Records drawn from a dataset
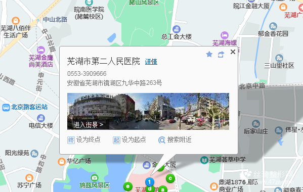 蕪湖站830米向西南步行 到 民生銀行蕪湖分行4站乘 113路(晚) (峨山東路北方向) 到 第二人民醫(yī)院50米向西北步行 到 蕪湖市第二人民醫(yī)院
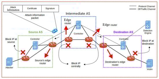SDN bring us a new approach to deal with DDoS attacks [7,8,9]. The separation of control and data plane in SDN allows us to write the control logic and instruct the forwarding plane to behave accordingly. This programmability gives us more control of the network traffic which was not possible before the advent of SDN. In [10], Giotis et al. proposed a DDoS mitigation scheme across multiple SDN domains or networks (Domain(s) and Network(s) are used interchangeably throughout this paper). The mitigation process starts from the victim network and propagates along the way towards the source. They extended the border gateway protocol (BGP) to embed the incident report as URIs within BGP signals. This reliance on BGP has some ramifications. First of all, BGP is very complex and hard to master, and any modifications to existing protocol will challenge the deployment. Secondly, the exchange of incident report between adjacent domains is not instantaneous and will only take place after every BGP update interval. Therefore, the report latency will increase with the number of hops between the source and victim of attacks. Further, they do not validate the authenticity of incident reports exchanged among the adjacent SDN domains. This could make the whole infrastructure vulnerable to fake incident reports from malicious domains.
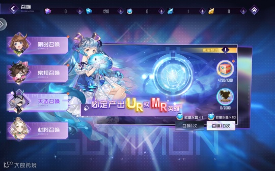 另外还有限时池子、氪金的天选池(只出MR与UR)、和材料池子。天选池的材料欧皇水晶不一定要氪金去买,也可以在商店中用素材兑换,但要花上不少时间才能买到一颗,最直接的方式还是氪。普池、限定池与材料池的价格都一样,换算过来是20块10抽,10连必出UR;而天选池则是150块10抽,也就是跟大部分手游差不多,差距就在没有保底。运气成分的东西不太好说,只能说玩家自行体会了。
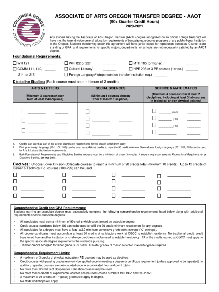 Get the free ASSOCIATE OF ARTS OREGON TRANSFER (AAOT) - State of Oregon
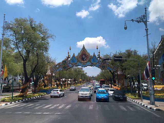 吃的饱饱的,开始我们的行程啦,前往曼谷著名的大皇宫(玉佛寺),途中经过泰国的大街小巷,看着路边的天湛蓝湛蓝的,坐着空调车,心凉爽爽的
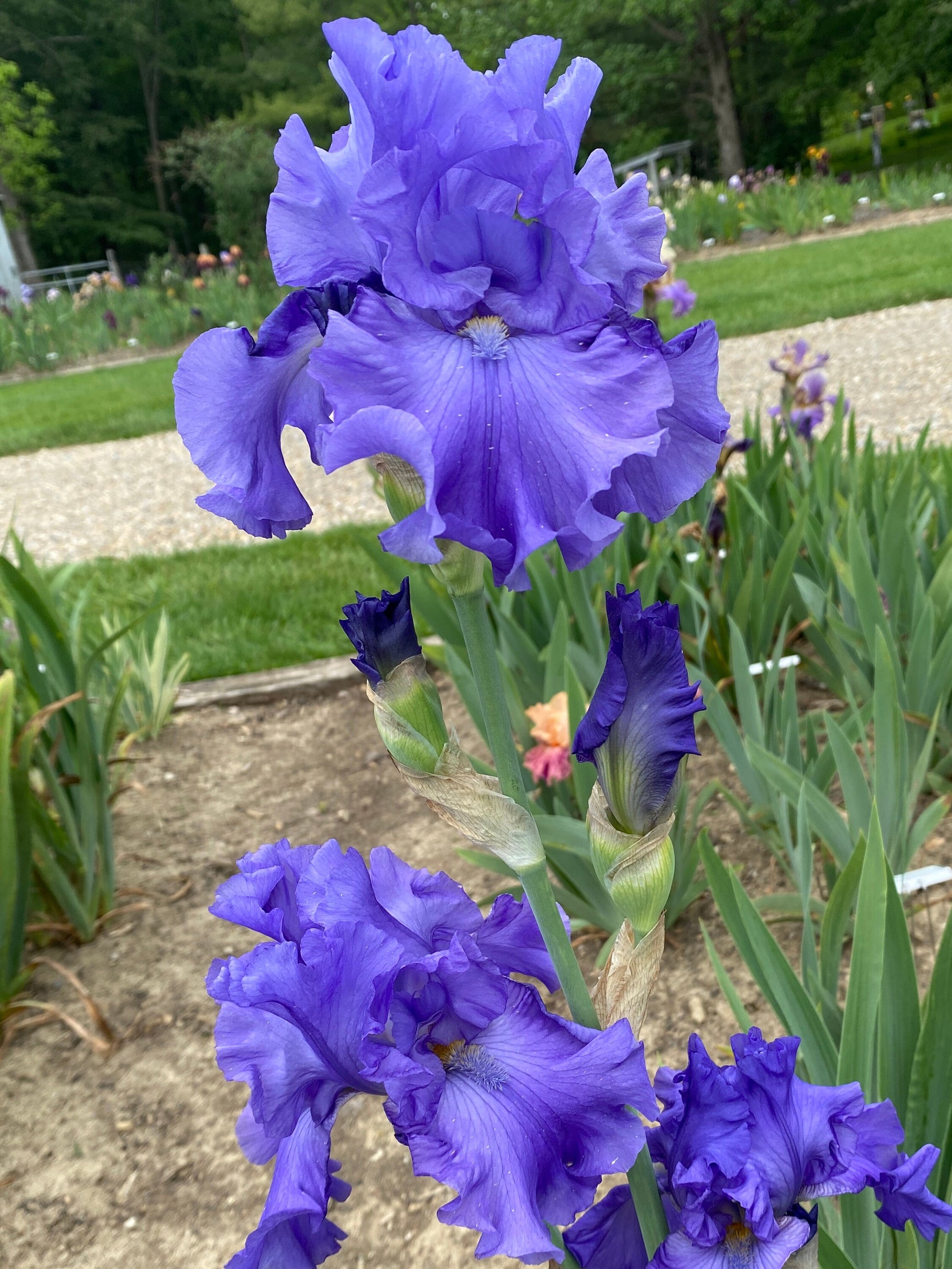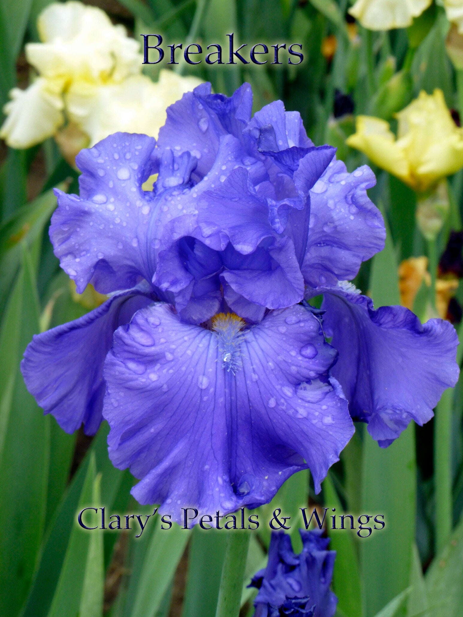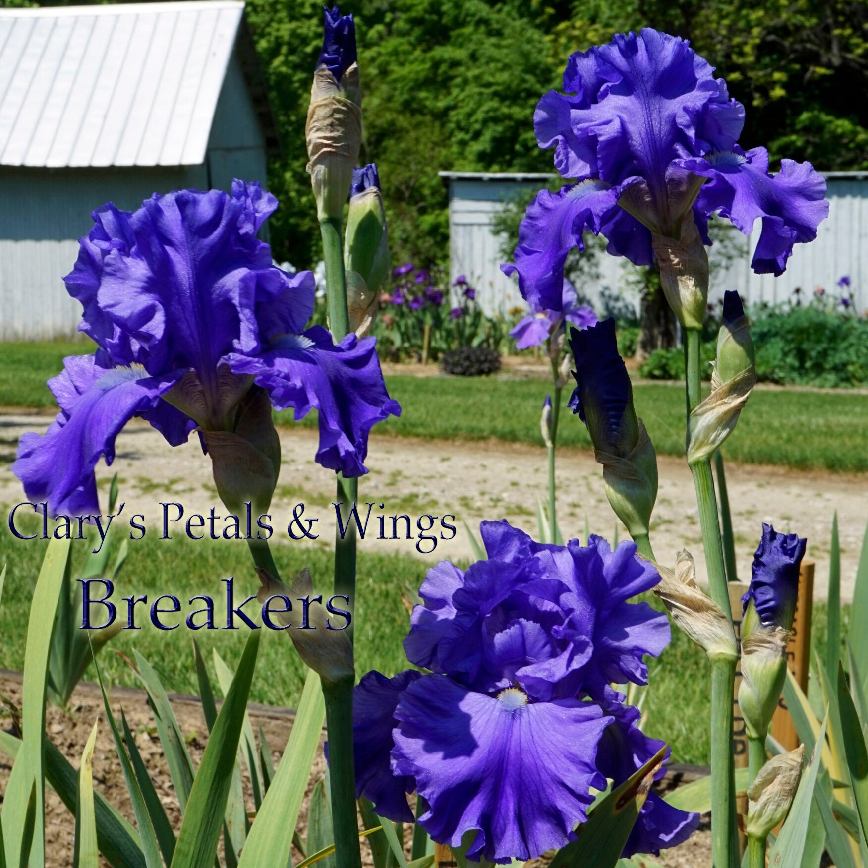 Here is a bubbly and effervescent Iris whose undulating petals create a remarkable billowing effect. The superb violet/blue color is applied with clean uniformity. Huge-sized flowers are displayed on four-branched stems with 8-10 buds. 37" tall. Midseason AND Rebloom

**Directions for this task:**
Reproduce the entries exactly, from the line with "Get the free" to the line with "吃的饱饱的,开始我们的行程啦", both lines included, keeping no pictures.

**Task result:**
 Get the free ASSOCIATE OF ARTS OREGON TRANSFER (AAOT) - State of Oregon
 吃的饱饱的,开始我们的行程啦,前往曼谷著名的大皇宫(玉佛寺),途中经过泰国的大街小巷,看着路边的天湛蓝湛蓝的,坐着空调车,心凉爽爽的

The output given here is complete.